Ingredients:
- 500g (approx. 2 cups) thick curd (yogurt)
- 1 medium cucumber – peeled and finely chopped
- ½ medium tomato – finely chopped
- ½ medium onion – finely chopped
- ½ tsp black salt (adjust to taste)
- ½ tsp roasted cumin powder
- ½ tsp freshly ground black pepper
- 1 tbsp fresh coriander – finely chopped
Instructions:
- In a mixing bowl, whisk the curd until smooth and creamy.
- Add chopped cucumber, tomato, and onion to the curd.
- Sprinkle black salt, cumin powder, and black pepper.
- Mix everything well until combined.
- Add chopped coriander and mix again.
- Chill the raita before serving or serve immediately with jeera rice or pulao.
Nutritional Information (General):
- Calories: 85 kcal
- Carbohydrates: 6g
- Protein: 4g
- Fat: 4g
- Fiber: 1g
- Calcium: 12%
- Vitamin C: 10%
Cooking Tips & Variations:
- Add beetroot or grated carrots for a colorful twist.
- Mint leaves can be added for extra freshness.
- Use hung curd for thicker consistency.
- Add a tadka (tempering) of mustard seeds and curry leaves for South Indian flavor.
Common Mistakes & Fixes:
- Mistake: Watery raita
Fix: Use thick curd or strain regular curd for 30 mins before use. - Mistake: Raita turns sour quickly
Fix: Use fresh curd and serve immediately or refrigerate.
Chef’s Tips & Tricks:
- Always whip curd first to avoid lumps.
- Use roasted cumin powder for a deep, smoky flavor.
- Chill for 15 minutes before serving for best taste.
Brand Suggestions:
- Curd/Yogurt: Yeo Valley, Tesco Greek Style Yogurt, or Asda Natural Yogurt
- Cumin Powder: TRS or East End
- Black Salt: Natco Kala Namak
- Fresh Vegetables: Tesco, Sainsbury’s, or local Indian grocery stores
Equipment & Tools:
- Mixing bowl
- Whisk or spoon
- Chopping board & knife
- Measuring spoons
Pairing Suggestions:
- Serve with jeera rice, vegetable pulao, or stuffed paratha.

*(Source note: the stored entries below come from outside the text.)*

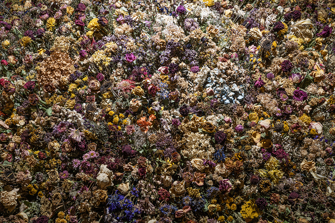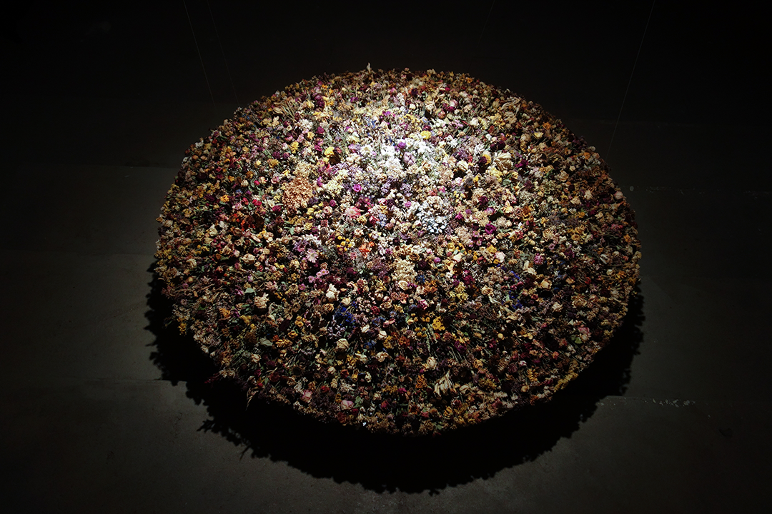 Eines Tages habe ich in einem Buch den schönen Satz gelesen: „Ein Friedhof ist eine wie aus der Zeit genommene Landschaft“. Ein Friedhof ist ruhig und schön. Aber der schönste Ort innerhalb des Friedhofs ist dort, wo gerade eine Beerdigung stattgefunden hat. Da, wo frische, bunte, schöne Blumen geschmückt sind. Die Situation, dass Leben und Tod an einem Ort zugleich sind, ist für mich ambivalent und daher interessant. Aber, was mich noch stärker beeindruckt hat, waren die verwelkten Blumen im Kompost-Müll. Das war ein Moment, in dem ein Wesen existiert und zugleich vergeht. Seit zwei Jahren sammel und trockne ich die Blumen. In dieser Arbeit stecken Zeit und Erinnerungen von zwei Jahren.
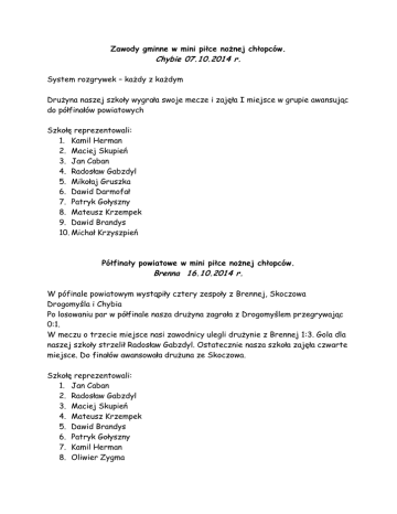 Zawody gminne w mini piłce nożnej chłopców. Chybie 07.10.2014 r. System rozgrywek – każdy z każdym Drużyna naszej szkoły wygrała swoje mecze i zajęła I miejsce w grupie awansując do półfinałów powiatowych Szkołę reprezentowali: 1. Kamil Herman 2. Maciej Skupień 3. Jan Caban 4. Radosław Gabzdyl 5. Mikołaj Gruszka 6. Dawid Darmofał 7. Patryk Gołyszny 8. Mateusz Krzempek 9. Dawid Brandys 10. Michał Krzyszpień Półfinały powiatowe w mini piłce nożnej chłopców. Brenna 16.10.2014 r. W pófinale powiatowym wystąpiły cztery zespoły z Brennej, Skoczowa Drogomyśla i Chybia Po losowaniu par w półfinale nasza drużyna zagrała z Drogomyślem przegrywając 0:1. W meczu o trzecie miejsce nasi zawodnicy ulegli drużynie z Brennej 1:3. Gola dla naszej szkoły strzelił Radosław Gabzdyl. Ostatecznie nasza szkoła zajęła czwarte miejsce. Do finałów awansowała drużuna ze Skoczowa. Szkołę reprezentowali: 1. Jan Caban 2. Radosław Gabzdyl 3. Maciej Skupień 4. Mateusz Krzempek 5. Dawid Brandys 6. Patryk Gołyszny 7. Kamil Herman 8. Oliwier Zygma ZAWODY GMINNE W SZTAFETOWYCH BIEGACH PRZEŁAJOWYCH CHYBIE, 25.09.2014 r. Chłopcy: W sztafecie naszej szkoły wystąpili: Kamil Herman, Radosław Gabzdyl, Mateusz Krzempek, Maciej Skupień, Mikołaj Gruszka, Konrad Król zajmując pierwsze miejsce i awansując do finałów powiatowych. Dziewczęta: Drużyna w składzie: Anna Rygiel, Sandra Mencnarowska, Joanna Pawlik, Martyna Heller, Martyna Kajsztura, Oliwia Dendys zajęła drugie miejsce. ZAWODY POWIATOWE W SZTAFETOWYCH BIEGACH PRZEŁAJOWYCH – CHYBIE, 02.10.2014 r. Drużyna chłopców zajęła VIII miejsce na XI szkół Naszą szkołę reprezentowali: Kamil Herman, Radosław Gabzdyl, Mateusz Krzempek, Maciej Skupień, Mikołaj Gruszka, Konrad Król, Jakub Krzempek
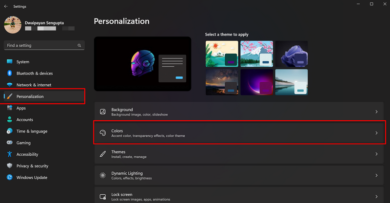 Εκτός από την ενεργοποίηση των αποτελεσμάτων της διαφάνειας για τη γραμμή εργασιών στον υπολογιστή ή το φορητό υπολογιστή σας, μπορείτε επίσης να το κάνετε το ίδιο χρώμα με το θέμα του θεματικού χρώματος της συσκευής σας. Για να προσαρμόσετε το χρώμα της γραμμής εργασιών στη συσκευή σας Windows 11, ακολουθήστε τα βήματα παρακάτω:
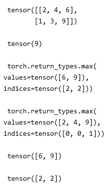 torch.return_types.max(values=tensor([6, 9]), indices=tensor([2, 2])
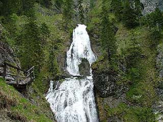 Gyönyörű tájak között, az Enns folyó kanyargó völgyében elhaladó kanyargós úton végre megérkeztünk a vízeséshez.
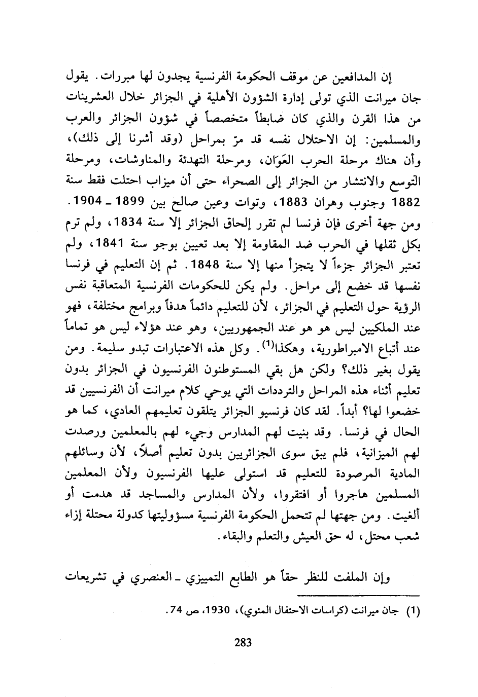 إن المدافعين عن موقف الحكومة الفرنسية يجدون لها مبررات. يقول جان ميرانت الذي تولى إدارة الشؤون الأهلية في الجزائر خلال العشرينات من هذا القرن والذي كان ضابطا متخصصا في شؤون الجزائر والعرب والمسلمين: إن الاحتلال نفسه قد مر بمراحل (وقد أشرنا إلى ذلك)، وأن هناك مرحلة الحرب العوان، ومرحلة التهدئة والمناوشات، ومرحلة التوسع والانتشار من الجزائر إلى الصحراء حتى أن ميزاب احتلت فقط سنة 1882 وجنوب وهران 1883، وتوات وعين صالح بين 1899 - 1904. ومن جهة أخرى فإن فرنسا لم تقرر إلحاق الجزائر إلا سنة 1834، ولم ترم بكل ثقلها في الحرب ضد المقاومة إلا بعد تعيين بوجو سنة 1841، ولم تعتبر الجزائر جزءا لا يتجزأ منها إلا سنة 1848. ثم إن التعليم في فرنسا نفسها قد خضع إلى مراحل. ولم يكن للحكومات الفرنسية المتعاقبة نفس الرؤية حول التعليم في الجزائر، لأن للتعليم دائما هدفا وبرامج مختلفة، فهو عند الملكيين ليس هو هو عند الجمهوريين، وهو عند هؤلاء ليس هو تماما عند أتباع الامبراطورية، وهكذا (¬1). وكل هذه الاعتبارات تبدو سليمة. ومن يقول بغير ذلك؟ ولكن هل بقي المستوطنون الفرنسيون في الجزائر بدون تعليم أثناء هذه المراحل والترددات التي يوحي كلام ميرانت أن الفرنسيين قد خضعوا لها؟ أبدا. لقد كان فرنسيو الجزائر يتلقون تعليمهم العادي، كما هو الحال في فرنسا. وقد بنيت لهم المدارس وجيء لهم بالمعلمين ورصدت لهم الميزانية، فلم يبق سوى الجزائريين بدون تعليم أصلا، لأن وسائلهم المادية المرصودة للتعليم قد استولى عليها الفرنسيون ولأن المعلمين المسلمين هاجروا أو افتقروا، ولأن المدارس والمساجد قد هدمت أو ألغيت. ومن جهتها لم تتحمل الحكومة الفرنسية مسؤوليتها كدولة محتلة إزاء شعب محتل، له حق العيش والتعلم والبقاء.
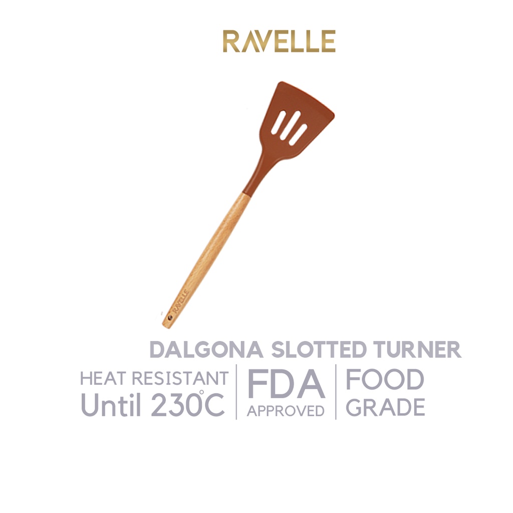 PREMIUM QUALITY Sutil Spatula Silikon Bahan Tebal Tidak Mudah Leleh - Ravelle Dalgona Slotted Turner - Spatula Gagang Kayu Tahan Panas Bpa Free Food Grade - Kitchen Utensils Anti Leleh
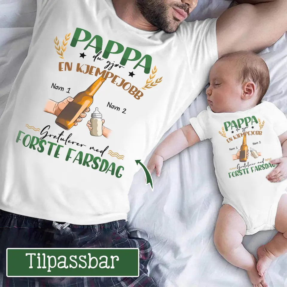Fantastiskt jobb Glad 1:a fars dag - Matchande T-shirt anpassat foto till Pappa och bebis
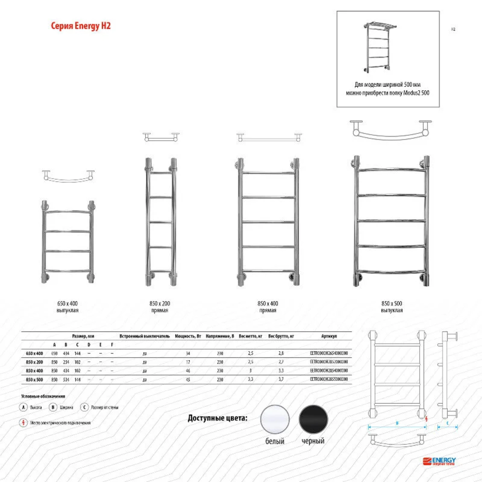 Energy H2 - второе поколение полотенцесушителей Energy H. Новые полотенцесушители отличаются от предыдущих моделей увеличенной на 50 мм высотой и верхними кронштейнами, аналогичными нижним, что обеспечивает простоту установки и симметричность верха и низа полотенцесушителя.
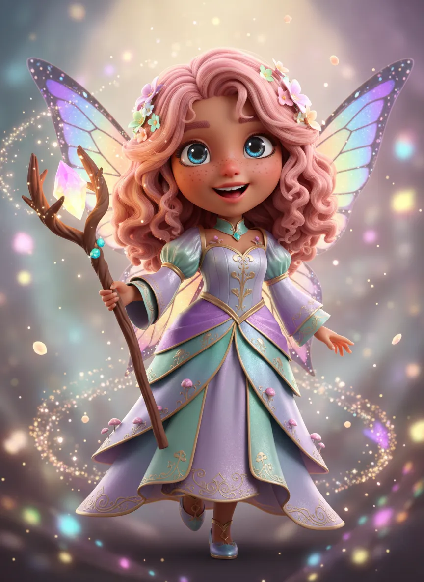 Generate a random cute 3D character in a stylized, big-headed design with a whimsical fantasy theme. Characters may have magical accessories like wands, fairy wings, or glowing elements. Each character varies in gender, skin tone, hairstyle, and outfit while keeping the 1:3 head-to-body ratio. Render in ultra-realistic 3D with soft magical lighting, subtle sparkles, and smooth textures. Faces are expressive with large sparkling eyes and charming features. Background: minimal with soft glowing particles. Mood: enchanting, playful, and fantastical.
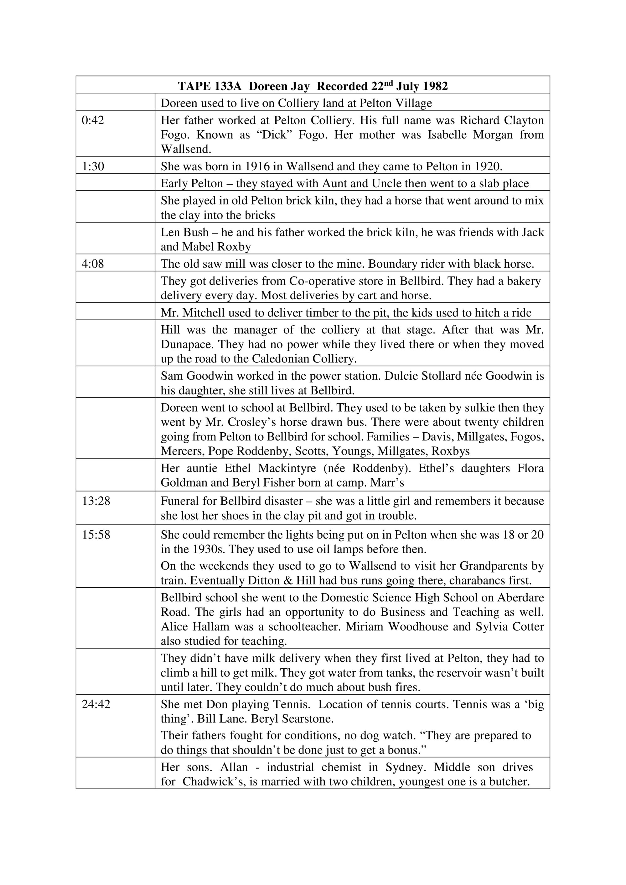 Jay née Fogo, Doreen, 1916-1997, Summary: Doreen Jay née Fogo (1916-1997), & Donald Jay (-1997) - Pelton Colliery. Recorded 22 July 1982. Part 1/1., [133A]. Living Histories, accessed 13/02/2026, https://livinghistories.newcastle.edu.au/nodes/view/67071
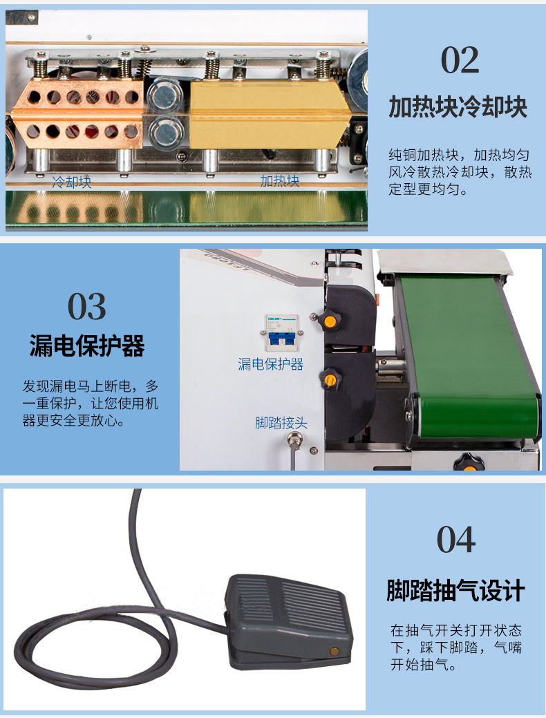 - 連續(xù)輸送系統(tǒng):具備穩(wěn)定且高效的輸送機(jī)構(gòu),如輸送帶、滾輪或鏈條等,確保產(chǎn)品能夠持續(xù)、平穩(wěn)地通過抽真空和封口工位,實(shí)現(xiàn)連續(xù)包裝作業(yè),提高生產(chǎn)效率。
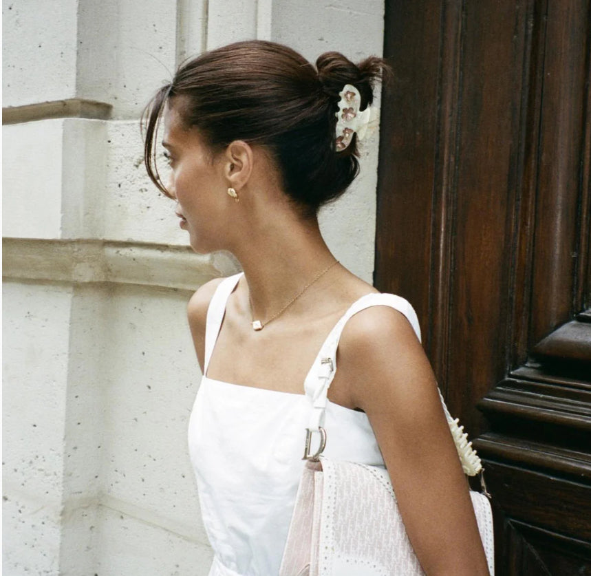 Sweet as can be, this clip is made with beautiful tiny stones and cellulose acetate. Designed with love and ultra-femininity in mind, our Sweetheart Clip will hold your hair from morning until night. Perfect for a low bun or half-up-half-down look.
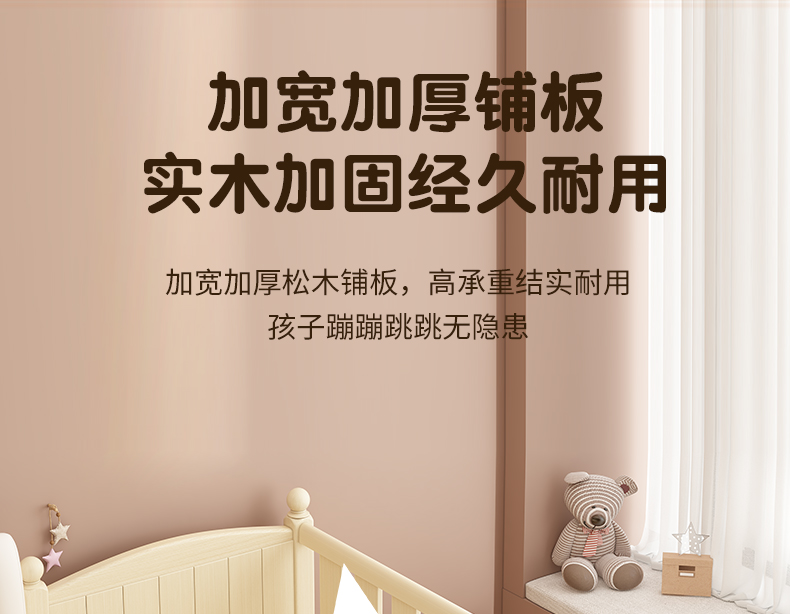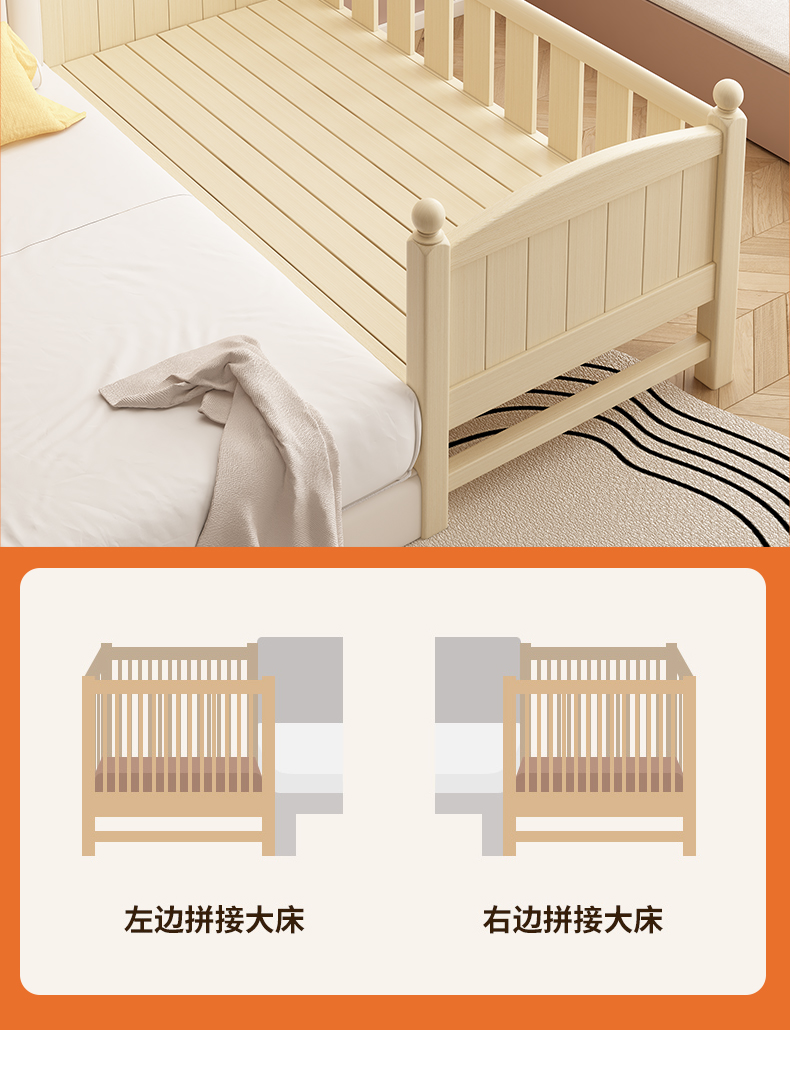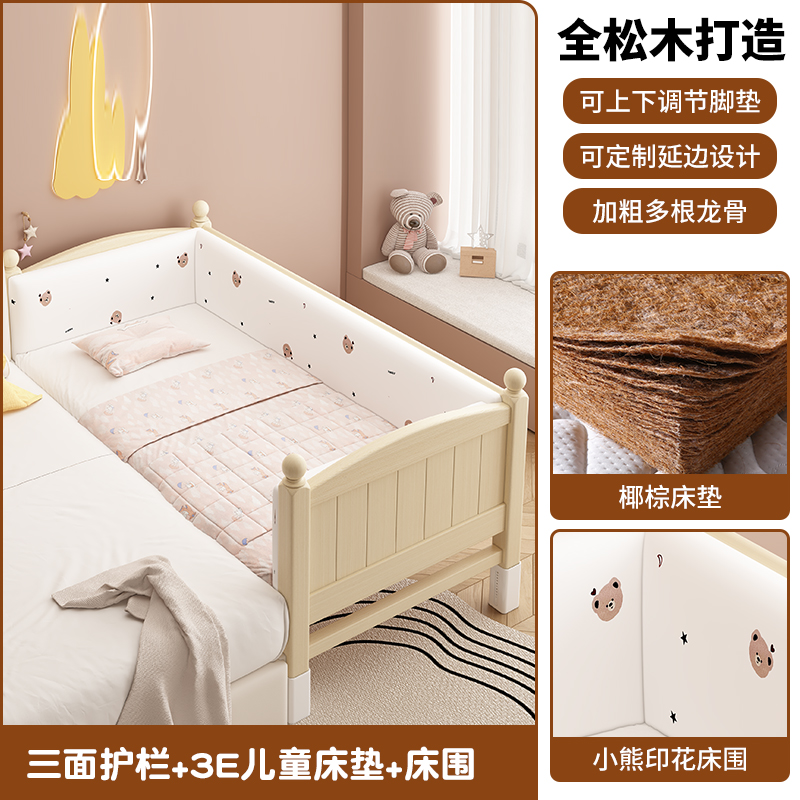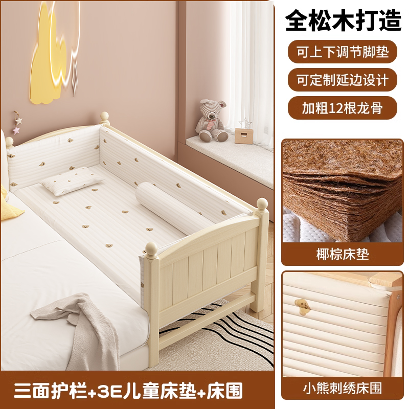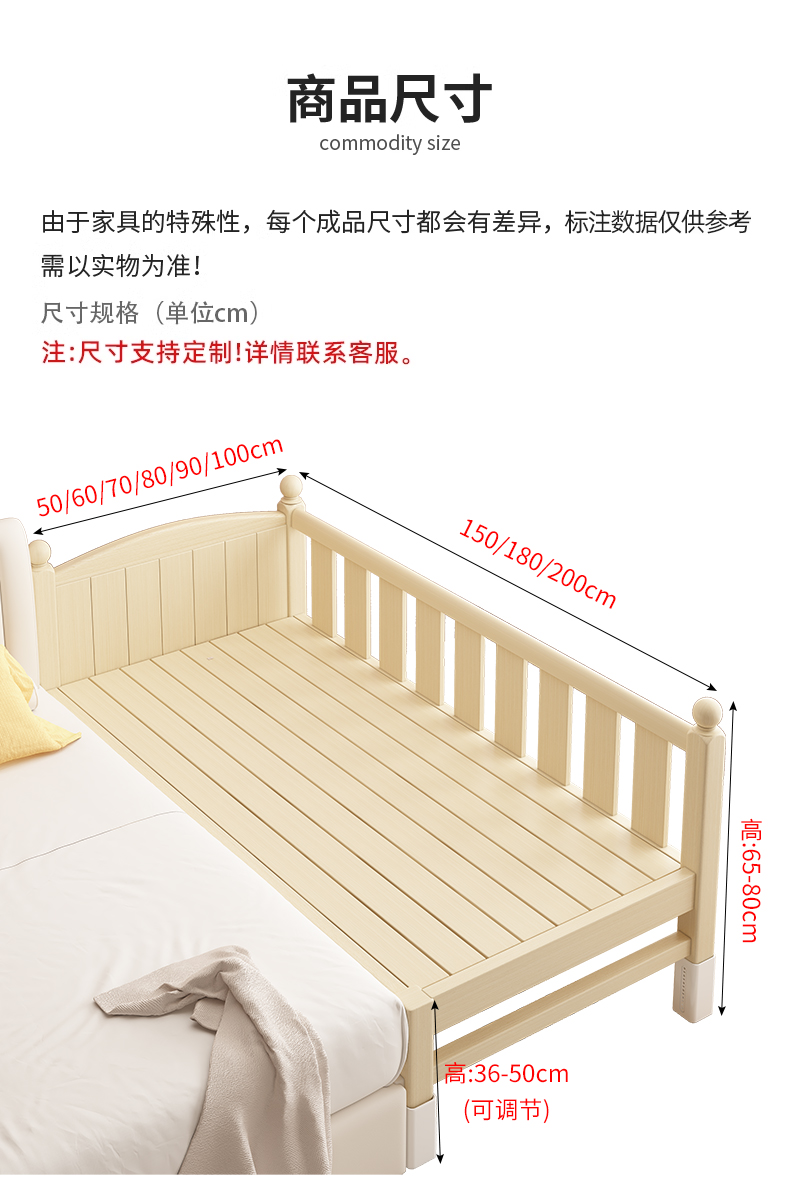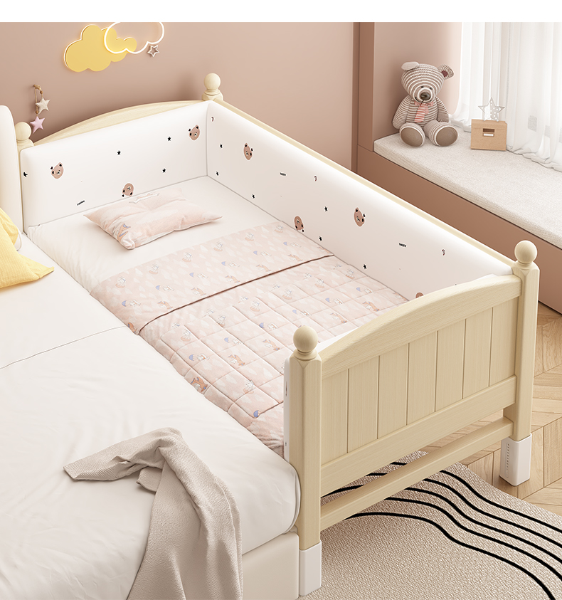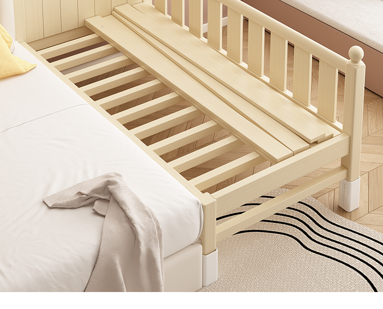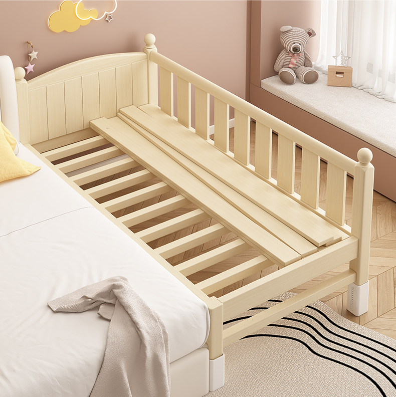어린이 침대 접합 침대 높이 조절 가능 접합 대형 침대 확장 침대 가드 레일이있는 단단한 나무 유아용 침대

- Can also be enjoyed as a standalone cooling snack on hot days.
Allergen Information:
- Dairy: Contains milk – unsuitable for those with dairy allergies.
- Gluten-Free: Yes (if spices are gluten-free)
- Vegan Option: Use plant-based yogurt like coconut or soy yogurt.
Recipe Instructions Step by Step:
Step 1: Whisk the Curd
Take 500g thick curd in a mixing bowl and whisk it until smooth.
Step 2: Chop and Add Vegetables
Finely chop 1 cucumber, ½ tomato, and ½ onion. Add them to the curd.
Step 3: Season the Raita
Add ½ tsp black salt, ½ tsp roasted cumin powder, and ½ tsp black pepper.
Step 4: Garnish and Mix
Add chopped coriander. Mix well until all ingredients are evenly incorporated.
Step 5: Serve
Serve immediately or chill for 15–20 minutes before serving with rice dishes.